O uso de água em data centers tem ganhado destaque em discussões recentes, em meio à necessidade de grandes volumes para manter a operação dessas estruturas responsáveis pelo suporte ao ambiente digital. A água é um recurso central nos sistemas de resfriamento, especialmente diante do processamento intensivo de dados, mas o consumo elevado tem gerado preocupação por seus possíveis impactos ambientais de longo prazo.

Nesse cenário, soluções de resfriamento com água em estado líquido vêm sendo apontadas como alternativas para aumentar a eficiência. Segundo estimativas do setor, essa tecnologia pode reduzir o consumo de energia em até 40%. A prática integra um conjunto mais amplo de iniciativas voltadas a tornar o uso da água em data centers mais sustentável em escala global.

Um estudo do Open Compute Project (OCP) aponta que o resfriamento líquido oferece vantagens significativas para data centers, sobretudo pela maior eficiência energética. Segundo o levantamento, a transferência de calor em estado líquido pode ser até 50 vezes mais eficaz, o que contribui para reduzir o uso de água e diminuir a necessidade de equipamentos como ar-condicionado e ventiladores.

O método também ajuda a cortar custos operacionais e a reduzir a pegada de carbono, favorecendo práticas mais sustentáveis no longo prazo. O OCP destaca ainda benefícios adicionais, como menor nível de ruído, devido à redução da ventilação, e menor desgaste dos equipamentos, já que o resfriamento líquido reduz variações bruscas de temperatura.

O consumo de água em data centers tem crescido de forma acelerada nos últimos anos, impulsionado principalmente pelo avanço da inteligência artificial, que demanda volumes maiores de energia e, consequentemente, de resfriamento. Um relatório divulgado pelo Google aponta que seus data centers utilizaram 20 bilhões de litros de água, com estimativa de que a IA tenha contribuído para um aumento de 20% nesse consumo.

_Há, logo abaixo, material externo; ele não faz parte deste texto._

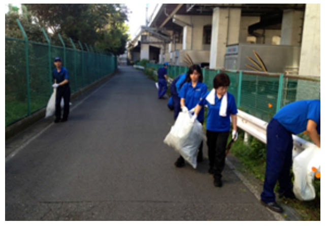
NEW Okamoto Logistics Co., Ltd. held a cleanup event in the area surrounding its logistics center in Kanagawa Prefecture, Japan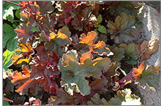
Chocolate Ruffles Coral Bells foliage

Chocolate Ruffles Coral Bells will grow to be about 10 inches tall at maturity extending to 24 inches tall with the flowers, with a spread of 12 inches. When grown in masses or used as a bedding plant, individual plants should be spaced approximately 10 inches apart. Its foliage tends to remain low and dense right to the ground. It grows at a medium rate, and under ideal conditions can be expected to live for approximately 10 years. As an evergreen perennial, this plant will typically keep its form and foliage year-round.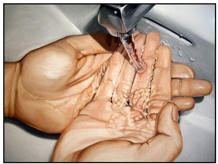
FIGURE 10: Linnea Strid, Daily Routines , oil on plywood, 2010.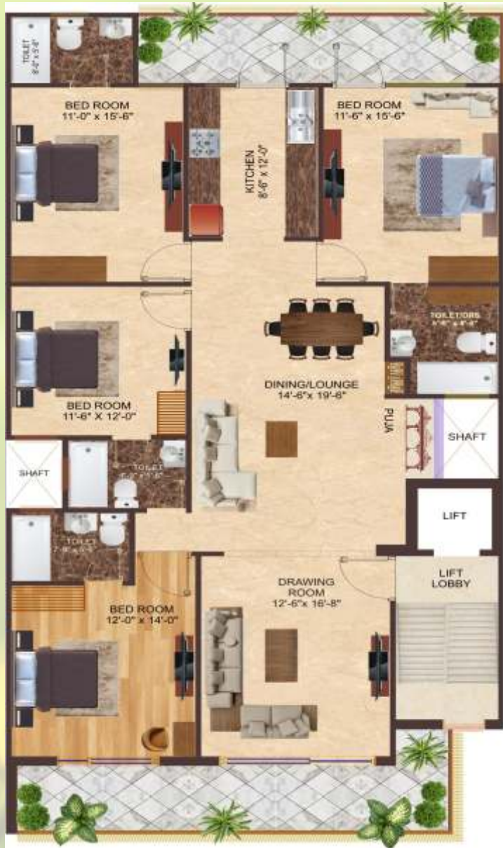
FLOOR PLAN LAYOUT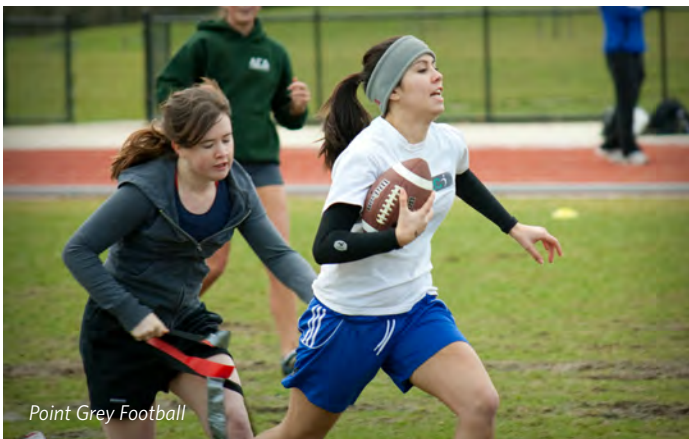
Point Grey Football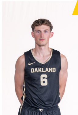
GUARD 6-5 // 185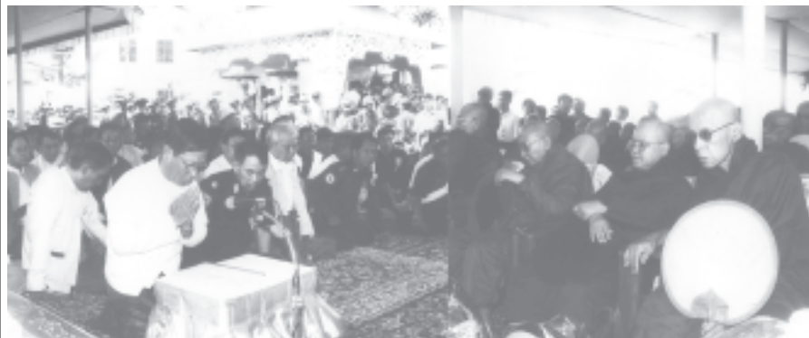
Deputy Minister for Religious Affairs Brig-Gen Thura Aung Ko reads out the message of condolence over the demise of Sayadaw Siri Bhaddanta Revata.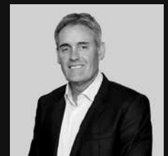
SIR RUSSEL COUTTS CHAIRMAN AND FOUNDER, SAILGP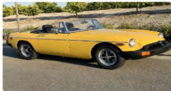
1979 MG MGB Roadster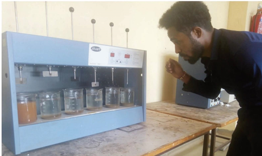
FIGURE 3: Experimental result after coagulation and flocculation process.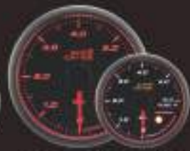
458FP-52 (Bar / PSI) 458FP-60 (Bar / PSI) ELECTRICAL FUEL PRESSURE GAUGE W / SENSOR WARNING : FUEL PRESSURE < 2 BAR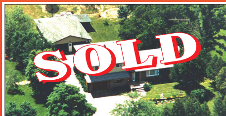
COUNTRY WITH SHOP - $399,900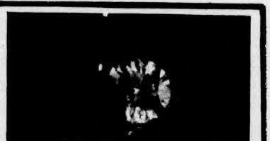
This particular diamond broke across the diameter because of a series of flaws, invisible to the naked eye. An unfortunate blow did the rest.

"There are cases of graduates with their third post-doctoral fellowship who can't find employment," the release says.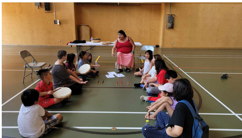
Stellat'en First Nation, British Columbia, community guest teaching the campers how to play the traditional game, Lahal

This transition took place this year in several communities in British Columbia. We have run camps across British Columbia for more than 10 years. This year, Wet'suwet'en First Nation and Saik'uz First Nation with the support of Carrier Sekani Family Services (CSFS) ran camps on their own for the first time. United for Literacy offered training to staff at CSFS and offered supplies to run the camp. We have heard from partner communities that it was the presence of United for Literacy in their communities for so many years that allowed them to develop the capacity they needed to sustain camps on their own—now and in the future. We couldn't be happier for our friends in British Columbia!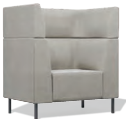
Artemis 45"W x 29.5"D x 47"H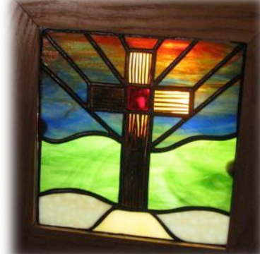
Close up of stained glass.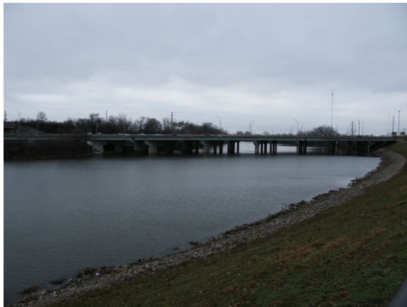
Photograph D-4: On East Bank View Looking Downstream Approximate Location of Proposed Ramp C5 Bridge

Note: All photographs are available on the CD-ROM / DVD for closer viewing.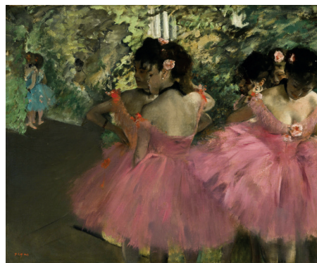
Edgar Degas Dancers in Pink Painting

2010 FIFA World Cup poster Dancers in Pink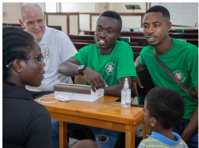
Top to bottom: Relief Society sisters in Tonga prepare meals for those in need in their ward. Church members volunteer to help at a child nutrition screening in Ghana.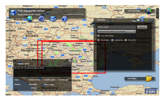
Figure 4: Romanian INIS GeoPortal published resources available – Live data and maps.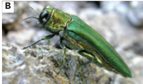
Michigan State University

A empresa afirma, porém, que pretende adotar práticas mais sustentáveis. Entre as metas anunciadas está a devolução ao meio ambiente de aproximadamente 120% da água utilizada até 2030.

O setor também tem registrado o surgimento de novas tecnologias voltadas à redução do consumo hídrico. Um exemplo é a startup irlandesa Nexalus, que desenvolveu um sistema de resfriamento direto de chips por meio de jatos de água líquida e quente aplicados nos componentes, buscando maior eficiência no controle térmico.

A Hostinger incluiu o tema do resfriamento líquido em uma campanha dedicada a discutir o impacto ambiental dos data centers, com o objetivo de ampliar o debate e estimular práticas de consumo energético mais responsáveis no setor de tecnologia. A empresa, que atua no segmento de hospedagem de sites, identificou um uso elevado de energia em suas operações e passou a investir em estratégias voltadas à sustentabilidade.

Desde 2024, toda a energia utilizada pela empresa passou a ser de origem renovável, antecipando em dois anos a meta inicialmente prevista para 2026. Rafael Hertel, Country Manager da Hostinger no Brasil, afirmou que a iniciativa integra um conjunto mais amplo de ações voltadas à sustentabilidade.

Hertel diz que a conclusão da transição para 100% de energia renovável nos data centers reflete o compromisso da companhia com eficiência e responsabilidade ambiental. Ele destacou que a empresa busca demonstrar que é possível conciliar desempenho e escalabilidade com práticas sustentáveis.

Segundo a companhia, a tendência é que, nos próximos anos, tanto o consumo de água quanto o de energia elétrica enfrentem limitações caso o modelo atual de uso seja mantido. Nesse contexto, soluções sustentáveis devem ganhar relevância para permitir a continuidade do avanço tecnológico sem ampliar a pressão sobre o meio ambiente.